As for my ankles.  The orthotics, once I got used to them, made a significant difference in the amount of pain I was in.  I’m not going to say I was pain free (cause I wasn’t) but the difference was night and day.  For the first two months.  Three months after getting the orthotics I realized the pain in my ankles was increasing again.  Three months is an awfully short period of time to have worn out the orthotics, especially since I’m rotating between two pairs.  In addition I started having issues with my left knee (which is the weak one anyway due to prior issues).  When I started wearing a support brace on that knee, stabilizing it, I found myself rolling my left foot/ankle outwards.  All of which makes me suspect that I need higher arch supports.  I have an appointment this week with the ankle specialist, so we’ll see what he says.

4 Comments

  1. Comment by Wendy from NY:

    I just recently finished a round of physical therapy for my arthritic left knee, that x-rays showed to have severe degenerative changes. The orthopedic surgeon had these options: PT, injecting it, or replacement surgery. I opted for the PT to begin with. A very eye-opening experience! While no amount of PT is going to help the arthritis in my knee, a whole bunch of other things got better! She told me that continuing these exercises/stretches will make a huge difference in my surgery, if and when I choose to go that route. So! I am wondering if PT would help your hands AND your feet, knees, etc.? Might be something to look into, or ask the doctors about. I wonder how much stock doctors put in PT, kind of like nutrition/vitamins. They tell you to eat healthy, but never really get into it with you. I was just so blown away by how much PT helped me, and thought that building up muscle tone around your aching joints might help you also.

    • Comment by Ruth:

      I wouldn’t be surprised if PT would help my feet/ankles/knees. Though my left knee is permanently screwed just due to prior surgery. One of the side affects of the ankle problem is that it causes certain muscle sets to tighten all out of proportion. One of the things I need to discuss with him!

  2. Comment by bogie:

    So I’m going to suggest something that sounds a bit wacky – try going to a chiropractor. That thumb thing can originate as far back as your shoulder blades. And, the chiro can give you exercises/stretches to do that may help.
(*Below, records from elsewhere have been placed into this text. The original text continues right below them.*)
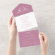 Elegant Pink and White Monogram Wedding All In One Invitation
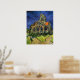 The Church at Auvers (1890) by Vincent van Gogh is a vintage Post Impressionism fine art architectural religious painting. A woman walking along a path towards the village chapel with beautiful stained glass windows. A daily life architecture scene.
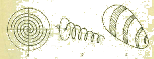 а – плоская с постоянным шагом намотки (архимедова);
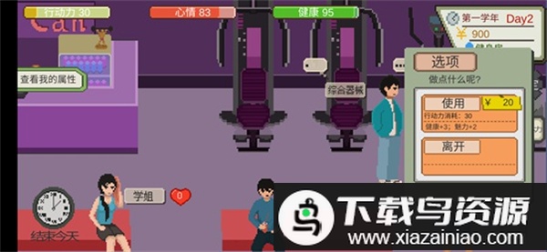 12、在健身房锻炼可以增加健康与魅力值,不过需要支付一定费用。
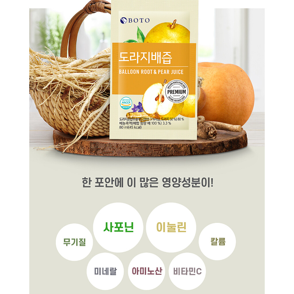 KOREA BOTO 100% Real Pure Premium Juice 60EA Balloonroot and Pear
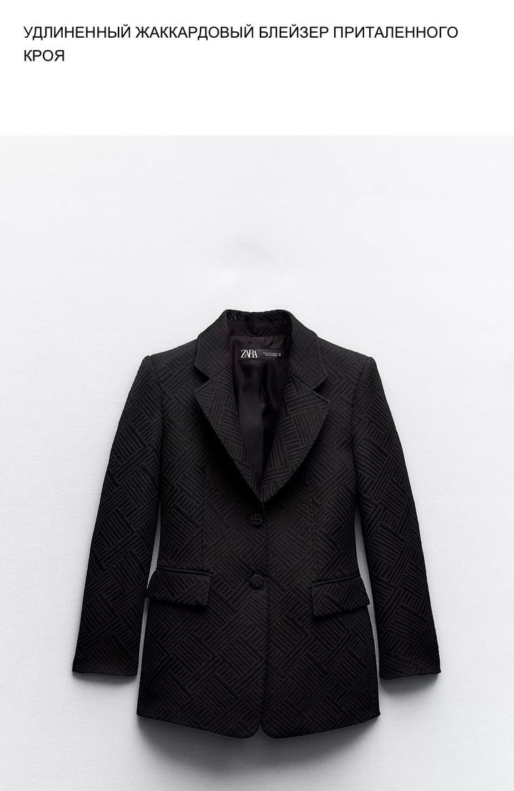 Классический костюм Zara из фактурной ткани - удлиненный жаккардовый блейзер и жаккардовые брюки. Блейзер размер С-М, оверсайз модель. Брюки хорошо подходят на размер С, книзу немного сужаются Артикул: 510573
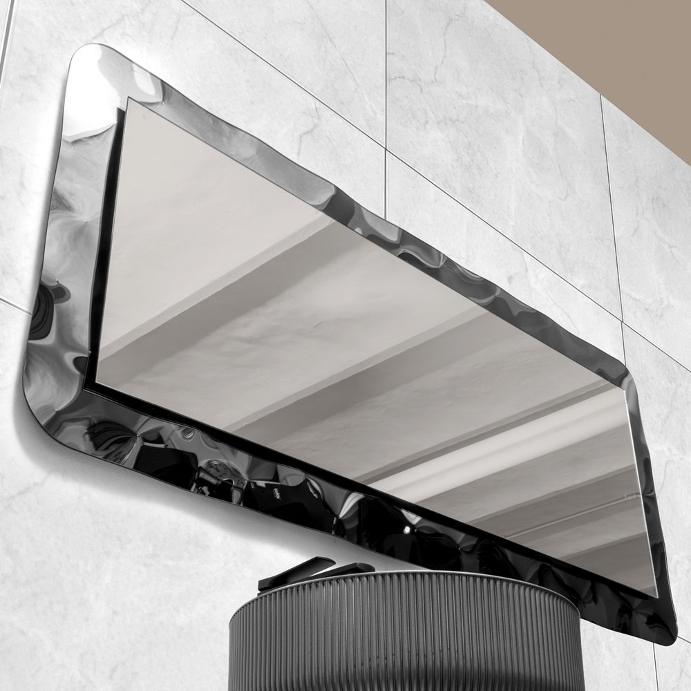 To okrągłe lustro łazienkowe łączy w sobie elegancję i charakter. Posiada dekoracyjny, zakrzywiony szklany panel z efektem „płynności”, uzyskanym poprzez ukształtowanie tafli szkła o grubości 5 mm i pokrycie jej lustrem refleksyjnym, zabezpieczonym żywicą antyoksydacyjną.
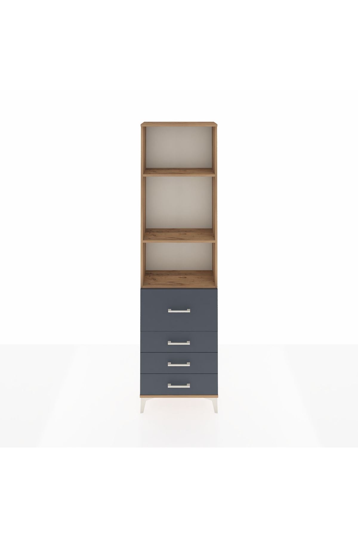 Arges Dolap 3 Raflı 4 Çekmeceli 60x30x221 Çam-Antrasit

    Heck, a chiro might even help with the rest too. Maybe not, but they are generally cheap enough that 4-5 appointments to see if it helps shouldn’t break the bank (and some insurance will cover up to 10 “wellness” chiro visits a year. Some chiro’s won’t even take insurance, but only charge about $50 so check around.

    At this rate, can’t hurt – unless you’ve already been that route and I’ve forgotten reading about it.

    • Comment by Ruth:

      Hm, I haven’t. I’ve done massage occasionally, when I can find a massage therapist who does it the way I like it. And that always made me feel so much better……I’m game to look at who’s local to me anyway!